MATERIAL PROVIDED ::
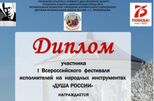По приглашению ДМШ № 3 им. С.С. Прокофьева (г. Орел) учащиеся отделения народных инструментов приняли участие в 1 Всероссийском фестивале исполнителей на народных инструментах "ДУША РОССИИ".
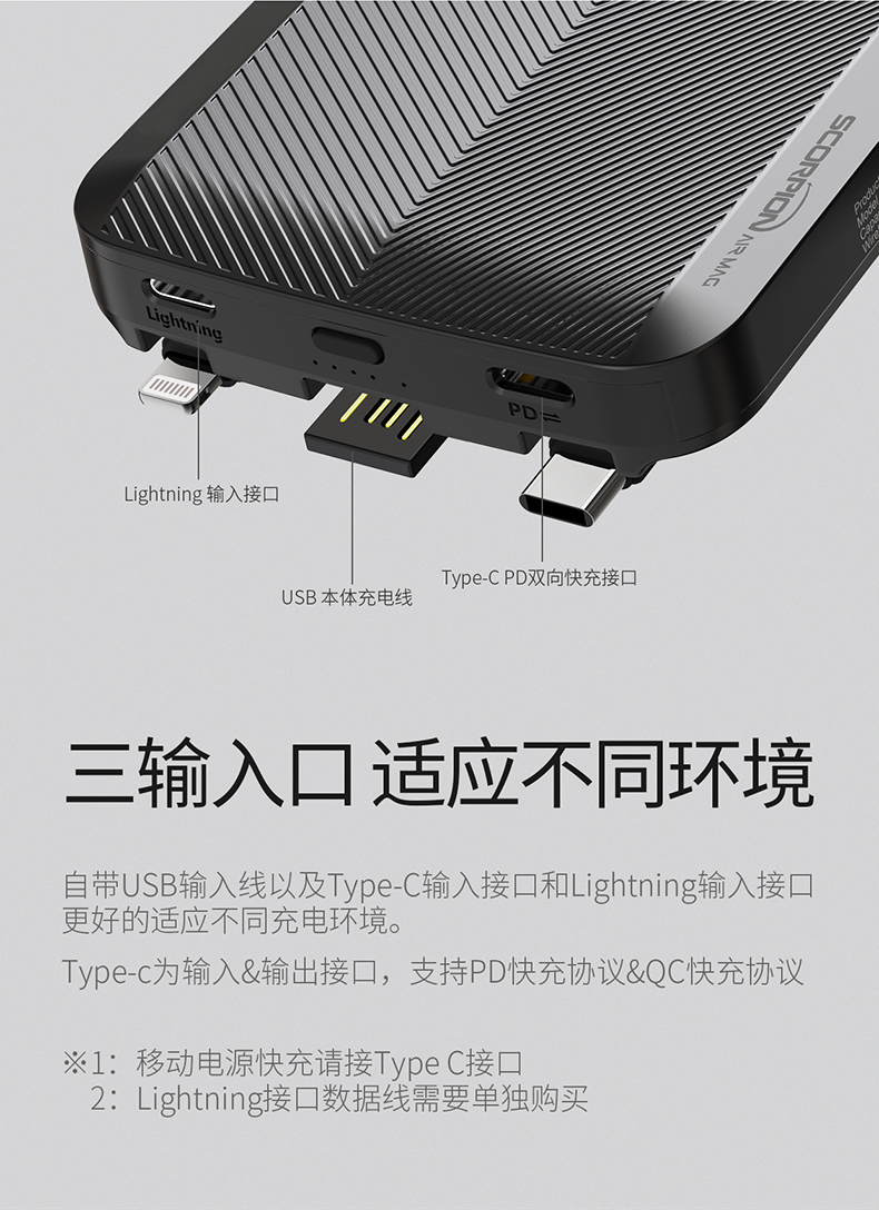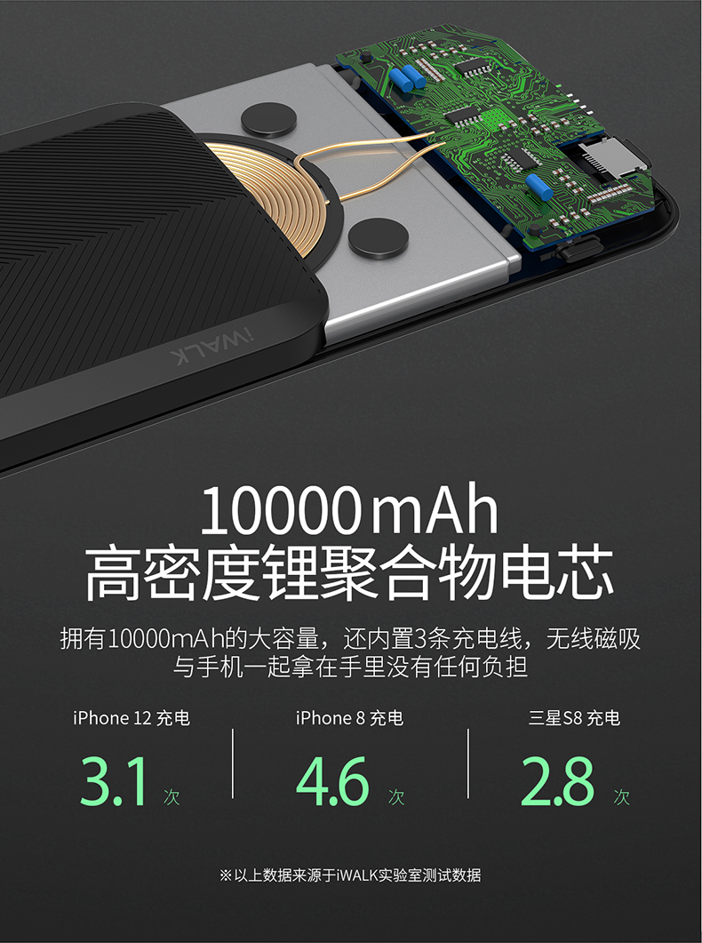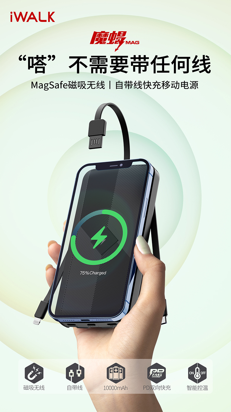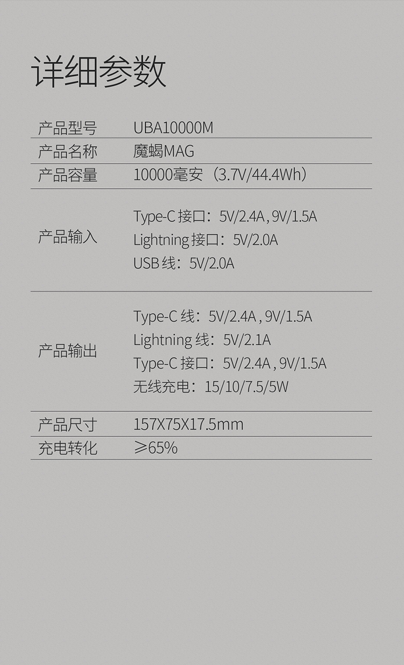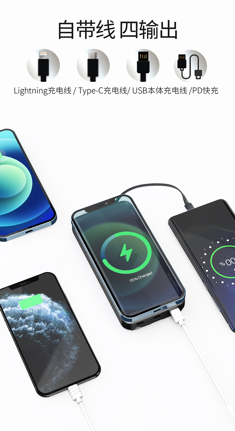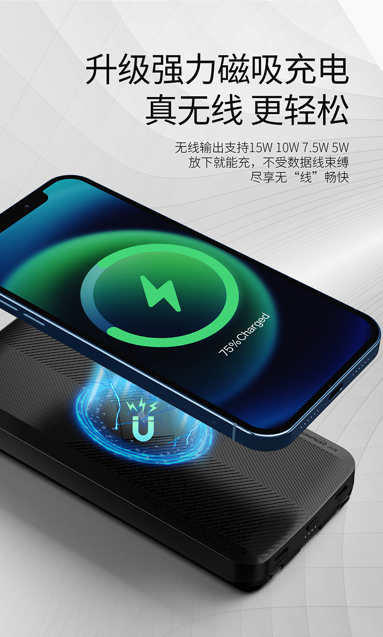 ・ 升级强力磁吸充电,真无线,更轻松,贴着就能充 ・ 双模式快充体验,无线+有线,PD双向快充+QC闪充 ・ 自带线,多输出,支持多个设备同时充电 ・ 智能安全控温芯片,根据环境场景自动调整电流电压 ・ 高品质材质,追求舒适手感,与众不同的质感体验 ・ 10000毫安高密度锂聚合物电芯 ・ 18W max PD+QC快充协议 ・ 广泛兼容多种电子设备
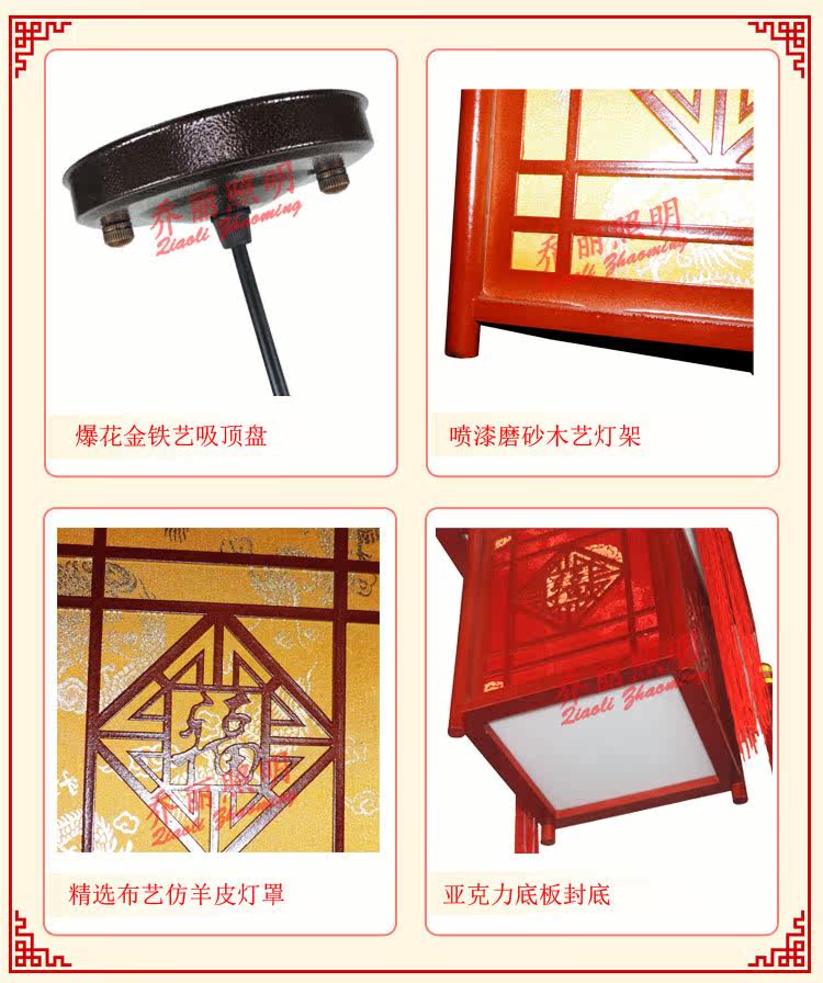 【材质】高档仿古木艺雕刻框架+台湾进口防火仿羊皮灯罩

PROBLEM STATEMENT :: Reproduce the material word for word, pictures excluded.

WORKED SOLUTION ::
По приглашению ДМШ № 3 им. С.С. Прокофьева (г. Орел) учащиеся отделения народных инструментов приняли участие в 1 Всероссийском фестивале исполнителей на народных инструментах "ДУША РОССИИ".
 ・ 升级强力磁吸充电,真无线,更轻松,贴着就能充 ・ 双模式快充体验,无线+有线,PD双向快充+QC闪充 ・ 自带线,多输出,支持多个设备同时充电 ・ 智能安全控温芯片,根据环境场景自动调整电流电压 ・ 高品质材质,追求舒适手感,与众不同的质感体验 ・ 10000毫安高密度锂聚合物电芯 ・ 18W max PD+QC快充协议 ・ 广泛兼容多种电子设备
 【材质】高档仿古木艺雕刻框架+台湾进口防火仿羊皮灯罩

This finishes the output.